Ademais, a tendência ao alargamento conceitual da noção de patrimônio acompanhou a tendência a encerrá-lo dentro das possibilidades de sua rentabilização social e econômica através da encenação de práticas culturais ditas tradicionais ou produtos de fabrico artesanal (cada vez mais distante do quotidiano dos indivíduos) oferecidos à procura turística diferenciada e ao consumo cultural como marcos da singularidade local.

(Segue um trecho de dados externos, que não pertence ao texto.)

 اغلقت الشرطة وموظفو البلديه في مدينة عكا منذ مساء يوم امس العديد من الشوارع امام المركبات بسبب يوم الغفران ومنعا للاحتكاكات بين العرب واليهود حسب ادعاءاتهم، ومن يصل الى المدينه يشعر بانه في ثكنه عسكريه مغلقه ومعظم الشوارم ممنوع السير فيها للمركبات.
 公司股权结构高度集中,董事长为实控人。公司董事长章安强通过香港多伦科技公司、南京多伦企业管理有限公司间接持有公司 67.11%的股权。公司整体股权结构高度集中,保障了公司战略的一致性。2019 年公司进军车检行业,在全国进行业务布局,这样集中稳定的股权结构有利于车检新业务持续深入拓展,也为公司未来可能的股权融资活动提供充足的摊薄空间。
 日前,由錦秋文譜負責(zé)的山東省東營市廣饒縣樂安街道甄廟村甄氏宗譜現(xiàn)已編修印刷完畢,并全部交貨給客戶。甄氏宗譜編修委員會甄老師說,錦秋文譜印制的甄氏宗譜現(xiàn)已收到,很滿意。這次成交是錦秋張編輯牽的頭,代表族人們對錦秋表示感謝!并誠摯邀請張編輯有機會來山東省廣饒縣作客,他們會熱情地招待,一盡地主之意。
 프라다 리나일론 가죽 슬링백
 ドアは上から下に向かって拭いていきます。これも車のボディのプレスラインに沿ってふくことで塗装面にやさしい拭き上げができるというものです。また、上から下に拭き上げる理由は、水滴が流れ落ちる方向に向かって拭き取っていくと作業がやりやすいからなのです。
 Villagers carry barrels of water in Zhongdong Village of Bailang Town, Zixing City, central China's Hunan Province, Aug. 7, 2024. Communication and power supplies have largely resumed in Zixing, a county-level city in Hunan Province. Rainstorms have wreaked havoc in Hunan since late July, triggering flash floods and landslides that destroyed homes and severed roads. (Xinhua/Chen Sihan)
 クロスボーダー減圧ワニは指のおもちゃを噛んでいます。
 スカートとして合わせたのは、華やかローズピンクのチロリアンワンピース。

Essas reconfigurações não deixaram de ter efeitos institucionais, particularmente na medida em que tendeu a favorecer a existência de duas orientações distintas e paralelas na política federal do patrimônio, desenvolvida no Brasil nos anos 70-80. Na prática, entretanto, a história era outra:

Nesse período, coexistiram duas linhas de atuação paralelas num mesmo campo – a da pedra e cal, continuidade do antigo Sphan, e a da referência, oriunda do Centro Nacional de Referência Cultural (CNRC), criado em 1975 – que não conseguiram convir em um mínimo de definições comuns. A hegemonia do grupo de referência, na verdade, se limitou ao plano discursivo; na prática, foi através dos tombamentos efetuados pelo Sphan que continuou a ser construído o patrimônio histórico e artístico nacional (FONSECA, 2005, p. 24).

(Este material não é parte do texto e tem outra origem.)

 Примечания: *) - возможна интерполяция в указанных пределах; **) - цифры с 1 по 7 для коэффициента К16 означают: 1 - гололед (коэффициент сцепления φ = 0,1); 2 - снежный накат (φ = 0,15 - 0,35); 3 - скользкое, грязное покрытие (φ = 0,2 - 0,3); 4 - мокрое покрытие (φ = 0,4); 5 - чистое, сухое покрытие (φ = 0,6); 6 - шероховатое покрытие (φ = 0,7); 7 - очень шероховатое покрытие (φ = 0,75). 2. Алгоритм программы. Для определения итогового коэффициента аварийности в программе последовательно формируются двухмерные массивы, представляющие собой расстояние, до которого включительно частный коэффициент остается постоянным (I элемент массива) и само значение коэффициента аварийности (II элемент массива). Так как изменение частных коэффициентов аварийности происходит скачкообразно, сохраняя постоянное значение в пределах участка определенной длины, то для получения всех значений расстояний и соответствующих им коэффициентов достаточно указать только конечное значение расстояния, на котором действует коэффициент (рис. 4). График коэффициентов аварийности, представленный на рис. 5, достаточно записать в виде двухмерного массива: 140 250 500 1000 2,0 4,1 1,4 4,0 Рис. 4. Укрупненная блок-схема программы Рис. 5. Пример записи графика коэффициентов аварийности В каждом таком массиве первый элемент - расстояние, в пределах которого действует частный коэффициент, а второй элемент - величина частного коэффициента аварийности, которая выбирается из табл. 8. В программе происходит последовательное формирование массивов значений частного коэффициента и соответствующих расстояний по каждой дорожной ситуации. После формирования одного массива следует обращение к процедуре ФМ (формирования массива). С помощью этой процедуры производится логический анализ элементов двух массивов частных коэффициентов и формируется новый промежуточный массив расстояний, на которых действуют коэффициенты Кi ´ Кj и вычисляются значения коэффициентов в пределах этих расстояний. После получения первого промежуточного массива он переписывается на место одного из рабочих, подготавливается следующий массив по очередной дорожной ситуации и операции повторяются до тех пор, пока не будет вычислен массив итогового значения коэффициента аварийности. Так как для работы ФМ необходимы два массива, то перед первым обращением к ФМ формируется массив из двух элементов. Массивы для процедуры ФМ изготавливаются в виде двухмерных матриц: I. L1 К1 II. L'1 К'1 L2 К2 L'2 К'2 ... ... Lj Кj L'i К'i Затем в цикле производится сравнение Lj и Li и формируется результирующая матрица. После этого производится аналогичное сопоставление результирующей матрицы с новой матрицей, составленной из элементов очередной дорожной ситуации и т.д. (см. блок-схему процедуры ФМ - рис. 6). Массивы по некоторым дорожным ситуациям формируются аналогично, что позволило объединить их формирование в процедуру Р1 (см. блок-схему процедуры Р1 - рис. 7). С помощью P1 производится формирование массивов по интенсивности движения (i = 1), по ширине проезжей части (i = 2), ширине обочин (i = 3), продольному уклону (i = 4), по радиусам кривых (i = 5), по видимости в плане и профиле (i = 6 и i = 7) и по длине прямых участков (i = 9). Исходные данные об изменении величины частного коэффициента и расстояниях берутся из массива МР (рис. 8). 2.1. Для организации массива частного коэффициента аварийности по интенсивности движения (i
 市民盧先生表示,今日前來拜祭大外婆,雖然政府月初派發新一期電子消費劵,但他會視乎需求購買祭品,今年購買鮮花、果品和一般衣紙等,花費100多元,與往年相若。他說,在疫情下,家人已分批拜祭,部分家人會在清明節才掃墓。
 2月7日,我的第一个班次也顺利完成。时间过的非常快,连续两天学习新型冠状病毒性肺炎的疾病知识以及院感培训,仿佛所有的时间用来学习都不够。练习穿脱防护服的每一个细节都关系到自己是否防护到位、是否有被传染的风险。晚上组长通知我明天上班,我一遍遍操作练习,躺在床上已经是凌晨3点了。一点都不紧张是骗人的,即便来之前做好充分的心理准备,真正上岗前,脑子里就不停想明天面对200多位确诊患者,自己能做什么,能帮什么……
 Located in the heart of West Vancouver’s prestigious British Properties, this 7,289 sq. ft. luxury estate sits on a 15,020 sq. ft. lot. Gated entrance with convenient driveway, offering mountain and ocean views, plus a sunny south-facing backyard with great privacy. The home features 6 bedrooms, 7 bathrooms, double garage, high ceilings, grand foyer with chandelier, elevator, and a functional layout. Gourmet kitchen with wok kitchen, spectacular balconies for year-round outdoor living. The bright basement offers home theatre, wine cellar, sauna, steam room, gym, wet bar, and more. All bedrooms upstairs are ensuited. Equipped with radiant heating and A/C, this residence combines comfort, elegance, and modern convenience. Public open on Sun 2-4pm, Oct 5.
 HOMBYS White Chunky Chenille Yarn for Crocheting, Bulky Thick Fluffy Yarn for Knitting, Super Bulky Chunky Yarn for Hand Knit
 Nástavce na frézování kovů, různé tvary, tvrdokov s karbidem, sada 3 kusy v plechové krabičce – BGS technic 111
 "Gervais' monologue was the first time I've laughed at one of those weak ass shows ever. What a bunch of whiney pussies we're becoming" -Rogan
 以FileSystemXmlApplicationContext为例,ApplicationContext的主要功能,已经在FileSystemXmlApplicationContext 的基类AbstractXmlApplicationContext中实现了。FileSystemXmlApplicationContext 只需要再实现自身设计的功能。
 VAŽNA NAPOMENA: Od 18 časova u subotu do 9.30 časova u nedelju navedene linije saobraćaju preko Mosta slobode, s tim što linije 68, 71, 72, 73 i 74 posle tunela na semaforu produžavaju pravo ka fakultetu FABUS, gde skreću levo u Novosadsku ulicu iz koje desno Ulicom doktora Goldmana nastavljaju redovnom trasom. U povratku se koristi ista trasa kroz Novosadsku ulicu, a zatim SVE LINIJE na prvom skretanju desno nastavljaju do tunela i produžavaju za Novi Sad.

O que é preciso colocar em foco nessa discussão é a possibilidade de se transitar analiticamente com essa mesma categoria entre diversos mundos sociais e culturais, iluminando as diversas formas que ele pode assumir. É nesse sentido que pensar os patrimônios culturais como “gêneros do discurso”, isto é, como modalidades de expressão escrita ou oral que partem de um autor posicionado (individual ou coletivo), se dirigem e respondem a outros discursos, consoante ao posicionamento adotado por Gonçalves:

Isto significa dizer que estou tomando como pressuposto que os “patrimônios culturais” não são simplesmente uma coleção de objetos e estruturas materiais que existem por si mesmas, mas são, na verdade, discursivamente constituídos. Desse modo, os objetos que identificamos e preservamos como “patrimônio cultural” de uma nação ou de um grupo social qualquer não existem como tais senão a partir do momento em que assim os classificamos em nossos discursos (GONÇALVES, 2002, p. 111).

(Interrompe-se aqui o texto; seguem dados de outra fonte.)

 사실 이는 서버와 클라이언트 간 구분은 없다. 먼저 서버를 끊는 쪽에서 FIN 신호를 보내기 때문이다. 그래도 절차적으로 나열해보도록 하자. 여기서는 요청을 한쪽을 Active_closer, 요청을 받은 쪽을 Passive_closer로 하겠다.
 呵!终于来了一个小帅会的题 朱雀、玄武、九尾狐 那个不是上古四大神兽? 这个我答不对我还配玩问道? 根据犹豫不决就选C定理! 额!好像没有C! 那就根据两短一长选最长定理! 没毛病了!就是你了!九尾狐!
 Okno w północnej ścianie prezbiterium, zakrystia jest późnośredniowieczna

Para Vanessa Gayego Bello Figueiredo (2014, p. 94) ocorreu, na seara dos debates sobre a preservação do patrimônio, um deslocamento da dimensão estético-histórica para a dimensão antropológico-cultural. Conforme vistos nos inúmeros documentos internacionais, publicados durante o século XX, houve uma inflexão no sentido semântico-conceitual das noções mais restritas e delimitadas de “monumento”, “monumento histórico”, “monumento natural” ou “patrimônio histórico e artístico”, para uma noção mais ampla no conceito de “patrimônio cultural”. Figueiredo (2014, p. 94) aponta ainda que “a ideia sobre algo direciona a ação, ao passo que esta retroalimenta a formulação dos conceitos numa interação permanente, mas sem permanências – transformadora, inclusiva, regeneradora”.